I’m assuming that no one reads this and I dearly hope I’m right.
If we are our parents, then I feel as if you can just look at where they are to know where you’re going to go in life.  I know this isn’t exactly accurate, but if you look at families, they all generally resemble each other.  Of course there’s always the black sheep, but in general...families are patterns.
I can’t exactly go too far back with this seeing as my real family is all probably dead in Vietnam.  My mother and uncle were adopted twins.  My adoptive grandmother...well, I guess she’s also my mother because of some legal family matters...weird...but she’s generally not what I want to turn out like.  She’s uneducated, and uninformed, but she acts as if she is both well educated AND informed.  In reality, she’s not.  She’s a highly bias conservative that claims to be an independent.  My grandfather is someone that thinks he’s much smarter than he is because he got into a big corporation before there was a serious stress on education.  My mother didn’t even go to college and instead danced around poles until ten or so years ago.  My dad is/was a conman that we ran away from for a plethora of reasons.  Everyone I grew up around and everyone I’m a part of is someone I don’t want to be like.
Abused children always say they’re not going to be like their parents...but most of the time, they just end up doing the same things.  Am I going to be like that?  Does my extreme duress over worrying about this make it less probable that I’m going to turn out like them?
I don’t want to be a product of my genes and I don’t want to turn into the people I’ve come from.  I’m dedicated to changing myself as much as possible to be as unlike them as possible.  But in trying to change myself so drastically, will I even be myself anymore?  Or will I just lose my identity?  Is that better or worse than just becoming a screw up, if that’s who I am?
F genetics.

gtfo.

This is going to be a short spew of frustration..... :|
When I was at the gym today, there was a woman walking on a treadmill....and talking on the phone.  I don’t understand what the heck she thinks she’s doing, but obviously if you’re able to talk on a phone in completely comprehensible speech, you’re not exactly working hard enough.
But some people go to the gym and workout for completely superficial reasons.  I feel as if half of the people that “work out” only go there and put in as minimal amount of work as possible just to make themselves feel better about their bodies.  If you’re not there to do yourself any real good, then you might as well get out and stop using something that some of us could be putting to better use.
I go to the gym because it makes me healthy.  It gives me confidence.  And I’m just better off physically, because goodness knows I didn’t exactly start off with the best health.  But people like that...who can completely disregard that they’re not doing anything to better themselves...make me mad.  You’re already there, you’re already on the thing, at least put in some real effort.  Or lift some weights.  I love weights.
It just seems like a waste of time.  Go read a book instead.
There’s also a man that always goes on the stationary bike and reads...I meet so many interesting people at the gym.
Like the man that takes the clock off the wall.  But that’s another story.
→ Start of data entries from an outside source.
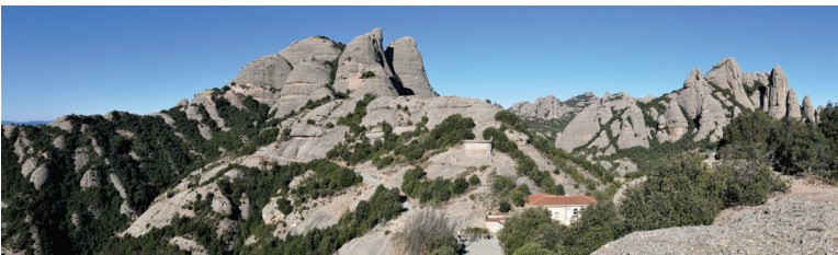
Panoràmica de la Mirinda de Santa Magdalena i les Gorres. A la dreta: la Prenyada, l'Elefant i la Mòmia.

27/03/2022 -Excursió circular amb sortida des del coll del Bruc passant per l'ermita de Sant Miquel de Vilaclara, el pont Foradat, la font del Ferro, la cova de Can Llucià, la balma de Can Soteres i retorn al punt d'inici, amb 11 assistents.
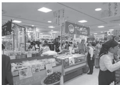
第5回大東北展（ジェイール名古屋高島屋）

注：3月に開催していた催事であるが4月の開催となったため、26年度内の開催がなかった。
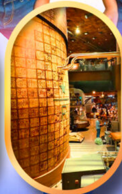
ร้านสตาร์บัคส์
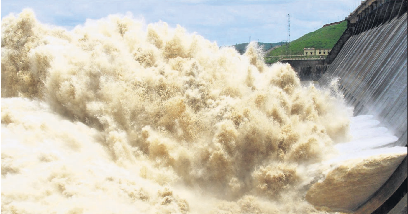
ଝରିଗଡ଼ରେ ଲଗାଣ ବର୍ଷା ଯୋଗୁ ହାରାହାରି ତ୍ୟାମ୍ରେ କଳସ୍ତର ବଢ଼ିଛି । ରୁଧିର ରାତି ୯ଟା ପୁଞ୍ଜା ତ୍ୟାମ୍ରେ ୨୪ ଗେଜ୍ ଦେଇ କଳ ନିଷ୍ପାଦନ ହେଉଛି ।

କମ୍ପାନୀଗୁଡ଼ିକ ୪ ବର୍ଷ ଯାଏ ସେମାନଙ୍କ ଦେଇ ଚାଲିପାରିବେ । ମାତ୍ର ବକେୟା ଉପରେ ସେମାନଙ୍କୁ ସୁଧ ଦେବାକୁ ପଡ଼ିବ । ନୂଆ ନିୟମ ବର୍ତ୍ତମାନଠାରୁ ଲାଗୁ ହେବ । ଏହାବାଦ ଗ୍ରାହକଙ୍କ ଲାଗି ସବୁ ଫର୍ମକୁ ବର୍ତ୍ତମାନ ଡିଜିଟାଲାଇଜେସନ୍ କରାଯିବ । ନୂଆ ସିମ୍ କାର୍ଡ ସମୟରେ ବାରମ୍ବାର କେଉଁଭାବେ ଫର୍ମ ଭରିବାକୁ ପଡ଼ିବ ନାହିଁ । ପ୍ରପେଡ଼ରୁ ପୋଷ୍ଟ ପେଡ଼ କିମ୍ବା ପୋଷ୍ଟ ପେଡ଼ରୁ ପ୍ରପେଡ଼ କରିବା ଲାଗି କେବଳ ଡିଜିଟାଲ କେଉଁଭାବେ ଦେବାକୁ ପଡ଼ିବ ବୋଲି ସେ କ୍ଷମ୍ଭ କରିଛନ୍ତି । ଆହୁରି କେତେକ ଗ୍ରାହକଙ୍କୁ (ଏକ୍ସପ୍ରେସ୍) ଏବଂ ଅନ୍ୟ ବୈଧାନିକ ଦେଇ ପଲ୍ଡ କମ୍ପାନୀଙ୍କ ଲାଗି ମୁକ୍ତବିକା ହୋଇ ରହିଥିଲା । ଦେଇ ପ୍ରଦାନର ସମୟ ସୀମା କୋହଳ ହୋଇଥିବାରୁ
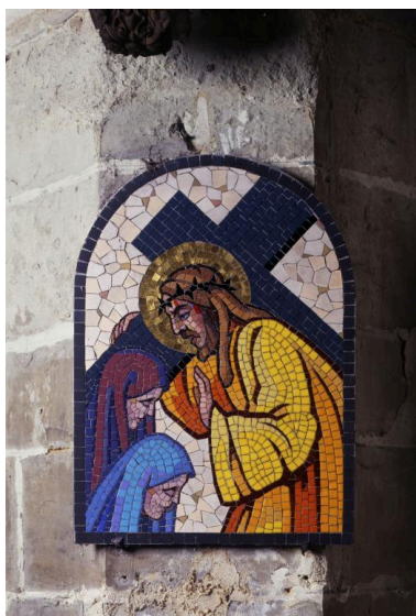
Vue de la huitième station : Jésus console les femmes de Jérusalem.
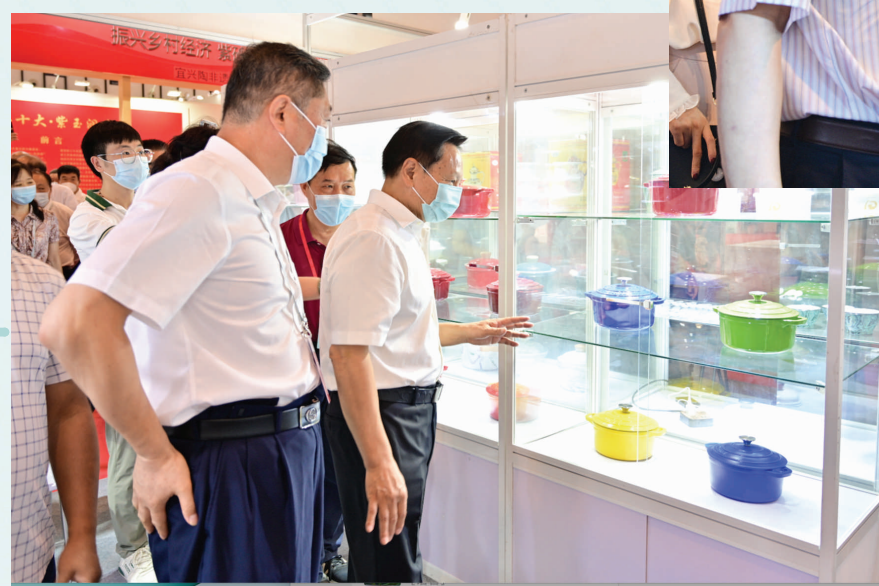
中国轻工业联合会会长张崇和与参会嘉宾逛展。

2012 may only be a little off....

The apocalypse is going to basically just be a massive world war over food.
By 2050, the world population is predicted to be 9 billion.  We’re going to have to produce as much food in the next 40 years as we have in the past 8 thousand.  That’s a lot of food.  The only reason we’ve even been able to produce as much food as we have is because of genetic engineering....and even that can only be taken so far.  HOW are we going to produce enough food to feed 9 billion people?
We’re all going to go insane.  And kill each other over food.  I wish this was a joke, but in all seriousness it’s completely plausible.
However, I suppose it’ll bring back a sense of “survival of the fittest”.  Ever since we started inventing things to accommodate the less “superior” people, humans have been passing on less efficient genes.  People who lacked cleverness or strength used to be taken care of by predators, or starve because they couldn’t fend for themselves.  But we accommodate for those people in modern society.  But if we literally have to fight to eat...then the less genetically fortunate human beings are going to be picked right out of society all over again.
Well, I guess it’s just another form of population control.

Sunday

Welcome back.

Recently I’ve become reacquainted with someone that I wish had stayed part of my life during the time that our friendship was nonexistent.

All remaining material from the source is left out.